住民税は都道府県民税が4%、市区町村民税が6%の合わせて10%という税率になっています。さらに、市町村によって異なる均等割もかかってきます。均等割とは、所得金額の大小にかかわらず定額で課税される税金のことであり、市町村によって3000円~4400円程度と差があります。ここでは均等割額を3500円と仮定します。
「203万円×10%+3500円−2500円=20万4千円」が、1年間に納める住民税の金額です。期間工の人は、だいたい20万円前後が住民税として引かれると考えておくとよいでしょう。
住民税を延滞するとどうなる?
期間工の人は、ほとんどの場合に住民税は給料から天引きされるので、基本的には延滞をするという心配はありません。しかし、スバル期間工のように、自分で納付しなければならないケースもあるので、延滞をしたときのペナルティについては知っておきましょう。

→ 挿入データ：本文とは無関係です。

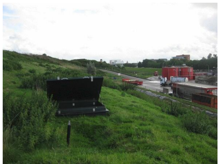
Gas extraction and utilization
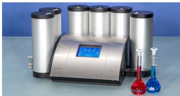
Fig. 2. DataPhysics Instruments stability analysis system MultiScan MS 20 with six independent Scan Towers

Therefore, MS 20 is an ideal device for evaluation of mean particle size.
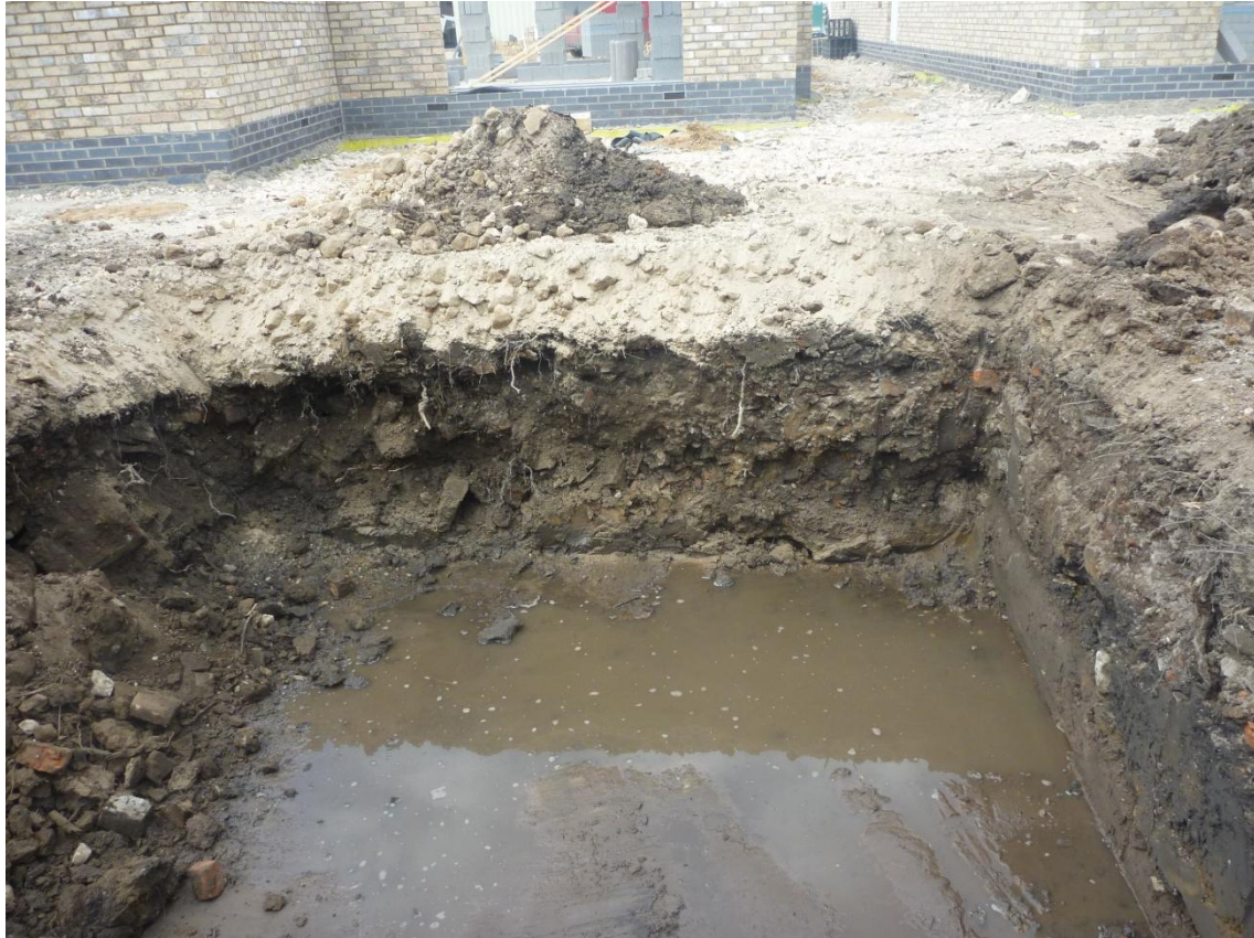
Plate 6 South East facing section of second soakaway showing modern brick and stone rubble dumps.
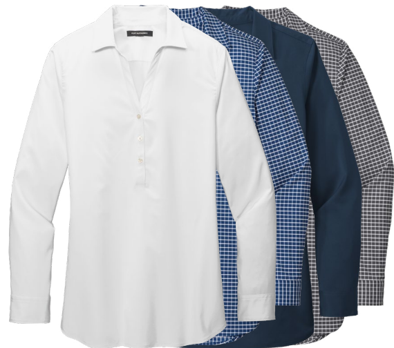
PORT AUTHORITY Ladies City Stretch Tunic LW680 Women's Sizes: XS-4XL | 5 colors
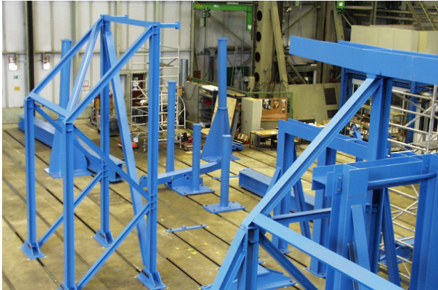
Beginning of assembly of the test-rig
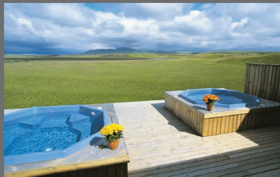
East Ranga River has been one of the most prolific salmon rivers in Iceland
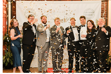
Thursday, March 6

Congratulations to these Rotarians for their well-deserved recognition!
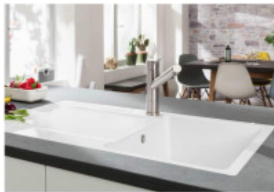
Abbildung: Siluet 50 in Weiß (Ableit) Dieses Schüsselbild ist beispielhaft. Alle Illustrationen entsprechen der Seite der Artikelbeschreibung
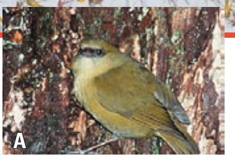
Figure 1. The extant species of Hawaiian honeycreepers found in the wet forests on Hawai'i Island. A: Hawai'i Creeper, Oreomystis mana (endangered); B: 'Akepa, Loxops coccineus (endangered); C: Apapane, Himatione sanguinea; D: Hawai'i 'Amakihi, Hemignathus virens; E: 'I'iwi, Vestiaria coccinea; and F: 'Akiapōlā'au, Hemignathus munroi (endangered).

these diseases, however, could have become so widely established if mosquitoes had not been accidentally introduced to the Hawaiian Islands.
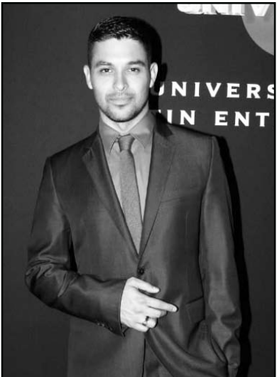
Wilmer Valderrama at the UMLE after-party.

Wilmer Valderrama also announced a new song collaboration with Sky Blu of LMFAO and
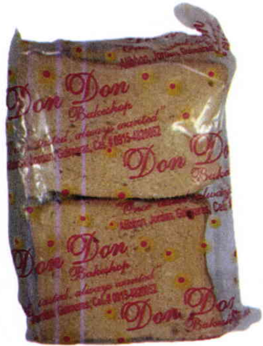
Figure 3. Unregistered DON-DON BAKESHOP (Toasted Bread)
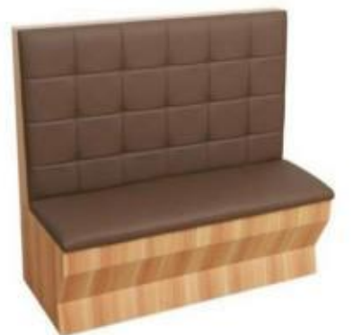
BD-44 1200*550*1050mm 1200*1000*1050mm
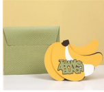
Thanks A Bunch Card
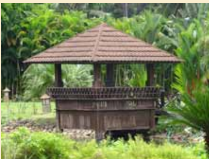
Garden, The Lalit Resort, Bekal
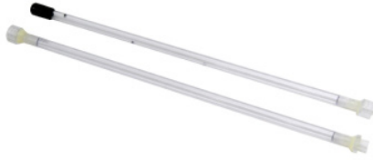
2 Piece Polycarbonate Probe Assembly No Hose Assembly

住民税の延滞金は決して安くはありません。平成25年に見直しが図られて、延滞金金利が下げられましたが、それでもまだ負担は大きいです。平成29年では、納付期限から1カ月以内なら年2.7%、納付期限から1カ月を過ぎると年9.0%の金利がかかってきます。平成25年以前の年4.3%、年14.6%という金利に比べると低くはなっていますが、放置していると大変なことになってしまいます。再三の督促・催促を無視していると、給料の差し押さえ、銀行口座の差し押さえといった強制手段をとられることもあるので注意が必要です。
期間工の人は年収が高い分、住民税の負担も大きくなりがちですので、手持ちのお金には常に余裕を持たせておき、自分で納付を行う場合には延滞をしないように支払うことが重要になります。